Google's pop-up blocker, included as part of the Web search engine's popular browser plug-in, "worked fantastically well for about two months, blocking everything," said Haigh, a photographer from the United Kingdom. "Then the odd pop-up started to appear, mainly on highly ad-displaying sites based in the United States."

"I know they are on the increase because they are annoying me again," he said, adding that he's received three this week.

Pop-up purveyors are finding ways around popular new filters that aim to stomp them out, the latest sign of an Internet arms race over one of the most effective and controversial Web advertising formats around.
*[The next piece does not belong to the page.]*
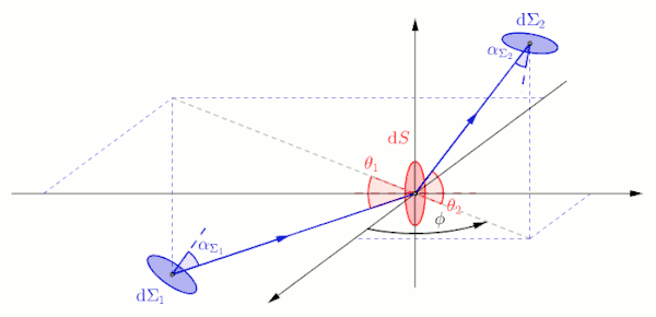 Considérons une source lumineuse et un récepteur , tous deux étendus, c'est-à-dire constitués d'un ensemble de points, séparés par un milieu parfaitement transparent. Pour étudier la transmission de la lumière entre ces deux surfaces il faut étudier la contribution de chaque point de à l'éclairement de chaque point de . On fait appel au calcul infinitésimal, ainsi l'étendue géométrique d'un élément de surface vers un élément de surface s'exprime[1],[2] :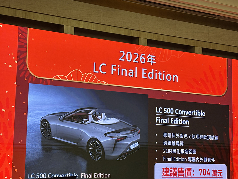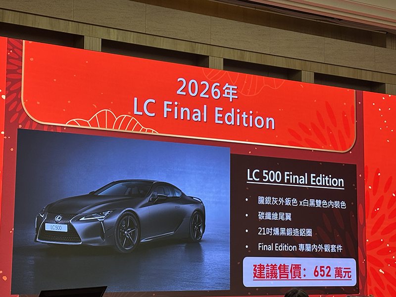 註7:LC Final Edition為限量生產車型,販售數量依原廠規劃配額為準,相關販售資訊、交車時程及實際供應狀況,請洽全台Lexus經銷商營業據點。

Google, America Online, Yahoo, EarthLink, Microsoft and a slew of niche software developers have begun offering consumers easy-to-install, free blocking software. As much as 30 percent of the Internet population uses a pop-up guard, according to estimates from ad technology companies. That number is set to soar when Microsoft releases an update to its Windows XP operating system later this summer that is expected to include a pop-up blocker for its Internet Explorer Web browser, which serves about nine in 10 people who surf the Web.

Because IE so thoroughly dominates the browser market, ad executives and Internet watchers believe the changes could finally burst the bubble for pop-ups.

But marketers intent on preserving and extending the lucrative format have already developed workarounds that are duping existing blockers, setting the stage for a major battle for control over consumer PC screens.

"Relatively quickly (IE) will displace all other pop-up blockers, then people will try to figure out how to get around that," said Richard Smith, a privacy and security expert.